* _Source data_
%%

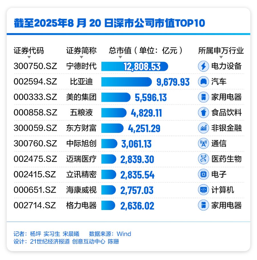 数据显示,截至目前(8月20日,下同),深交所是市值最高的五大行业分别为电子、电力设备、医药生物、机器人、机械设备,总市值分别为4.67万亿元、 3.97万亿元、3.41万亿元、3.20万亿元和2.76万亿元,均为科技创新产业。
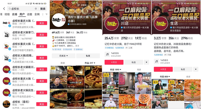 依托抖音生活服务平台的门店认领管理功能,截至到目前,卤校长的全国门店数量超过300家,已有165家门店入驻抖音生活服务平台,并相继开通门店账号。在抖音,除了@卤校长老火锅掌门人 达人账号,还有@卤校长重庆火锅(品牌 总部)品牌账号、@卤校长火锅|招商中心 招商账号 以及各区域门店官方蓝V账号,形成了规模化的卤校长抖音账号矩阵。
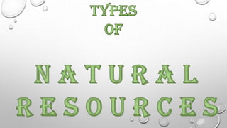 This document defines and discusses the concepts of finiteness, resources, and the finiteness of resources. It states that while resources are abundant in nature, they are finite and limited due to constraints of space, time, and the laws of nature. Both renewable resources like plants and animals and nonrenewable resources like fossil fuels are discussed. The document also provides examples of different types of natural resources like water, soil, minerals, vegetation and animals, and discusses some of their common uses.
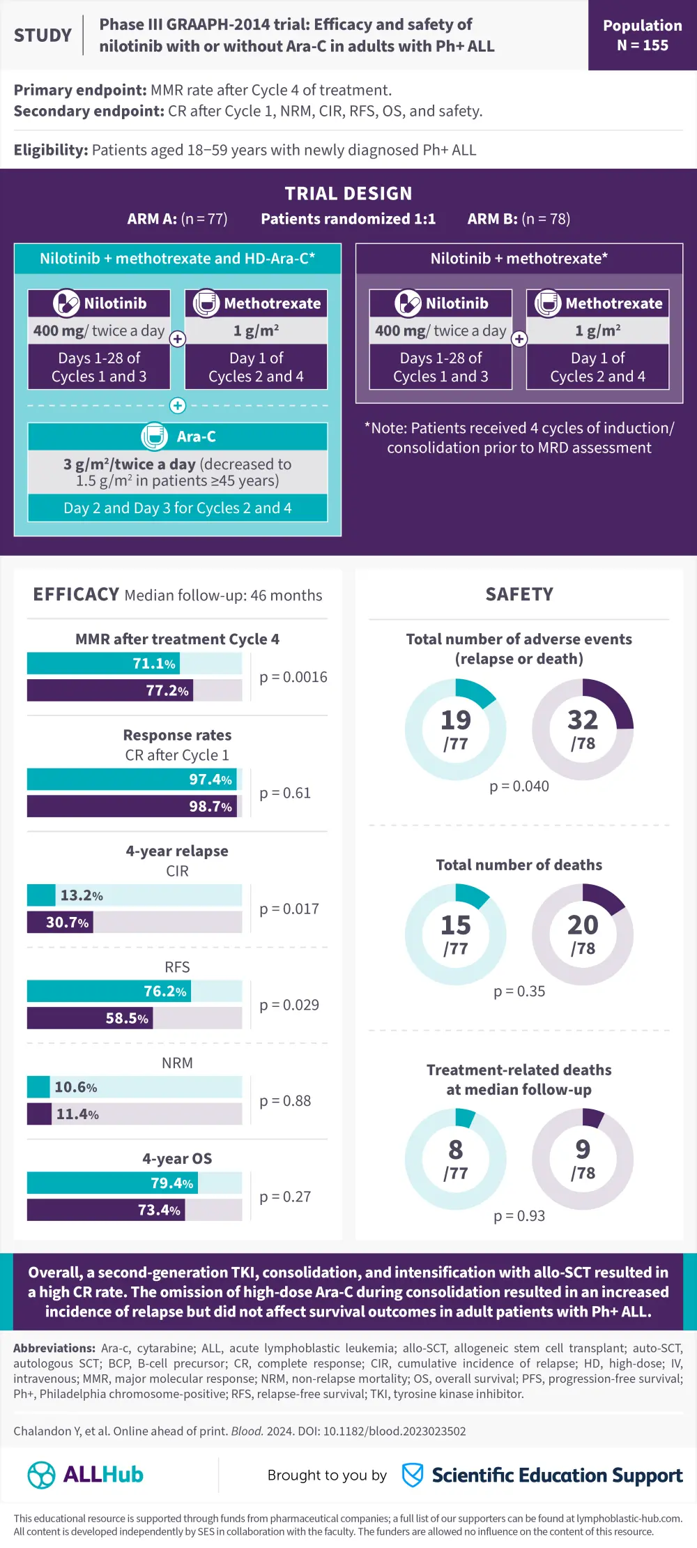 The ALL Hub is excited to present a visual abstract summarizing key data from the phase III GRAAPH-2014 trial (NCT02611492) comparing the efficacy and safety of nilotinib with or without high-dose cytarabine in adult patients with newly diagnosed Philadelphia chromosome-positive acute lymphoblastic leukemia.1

%%
%%

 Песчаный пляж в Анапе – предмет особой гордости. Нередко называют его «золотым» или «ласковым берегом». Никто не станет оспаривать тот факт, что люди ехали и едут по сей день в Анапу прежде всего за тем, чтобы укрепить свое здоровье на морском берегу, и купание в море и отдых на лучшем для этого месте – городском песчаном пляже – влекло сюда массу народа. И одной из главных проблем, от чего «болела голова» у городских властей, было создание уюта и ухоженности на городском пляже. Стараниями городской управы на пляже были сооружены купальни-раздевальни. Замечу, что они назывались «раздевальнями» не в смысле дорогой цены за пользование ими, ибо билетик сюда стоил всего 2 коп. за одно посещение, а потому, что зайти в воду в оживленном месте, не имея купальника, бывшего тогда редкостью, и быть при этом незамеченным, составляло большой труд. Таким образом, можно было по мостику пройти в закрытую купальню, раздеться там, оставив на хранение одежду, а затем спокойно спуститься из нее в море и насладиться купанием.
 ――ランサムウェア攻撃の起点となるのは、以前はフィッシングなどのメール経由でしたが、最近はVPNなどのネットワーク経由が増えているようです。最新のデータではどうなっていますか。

%%
%%

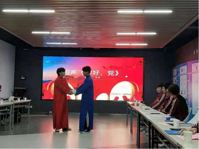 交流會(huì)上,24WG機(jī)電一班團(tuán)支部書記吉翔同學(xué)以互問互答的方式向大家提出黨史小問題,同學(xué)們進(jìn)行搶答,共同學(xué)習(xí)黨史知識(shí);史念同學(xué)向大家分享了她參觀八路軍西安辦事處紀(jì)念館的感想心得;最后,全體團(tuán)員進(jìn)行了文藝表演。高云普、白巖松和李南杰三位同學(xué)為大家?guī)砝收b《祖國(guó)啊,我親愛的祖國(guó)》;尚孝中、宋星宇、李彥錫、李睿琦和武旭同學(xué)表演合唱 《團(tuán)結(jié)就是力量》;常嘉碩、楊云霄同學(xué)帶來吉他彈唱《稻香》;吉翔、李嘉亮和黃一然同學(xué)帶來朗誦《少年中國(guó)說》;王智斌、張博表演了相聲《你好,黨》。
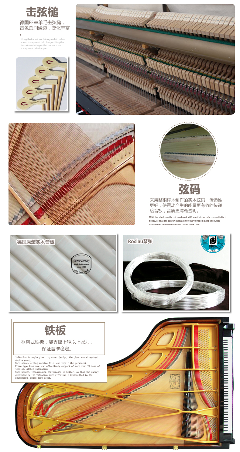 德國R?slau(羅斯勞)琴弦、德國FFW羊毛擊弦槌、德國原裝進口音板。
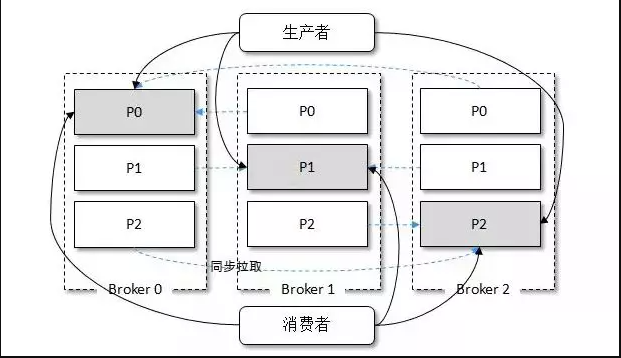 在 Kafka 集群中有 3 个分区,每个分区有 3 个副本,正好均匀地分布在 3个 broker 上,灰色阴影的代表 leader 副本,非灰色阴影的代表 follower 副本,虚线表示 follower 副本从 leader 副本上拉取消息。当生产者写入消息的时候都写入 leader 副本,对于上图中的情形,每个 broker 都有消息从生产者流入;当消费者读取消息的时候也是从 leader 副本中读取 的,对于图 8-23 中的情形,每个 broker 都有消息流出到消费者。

%%

* _Work item_
Everything above from the line containing "This document defines" through the line containing "The ALL Hub" must be repeated exactly, and the pictures must be left out.

* _Response_
 This document defines and discusses the concepts of finiteness, resources, and the finiteness of resources. It states that while resources are abundant in nature, they are finite and limited due to constraints of space, time, and the laws of nature. Both renewable resources like plants and animals and nonrenewable resources like fossil fuels are discussed. The document also provides examples of different types of natural resources like water, soil, minerals, vegetation and animals, and discusses some of their common uses.
 The ALL Hub is excited to present a visual abstract summarizing key data from the phase III GRAAPH-2014 trial (NCT02611492) comparing the efficacy and safety of nilotinib with or without high-dose cytarabine in adult patients with newly diagnosed Philadelphia chromosome-positive acute lymphoblastic leukemia.1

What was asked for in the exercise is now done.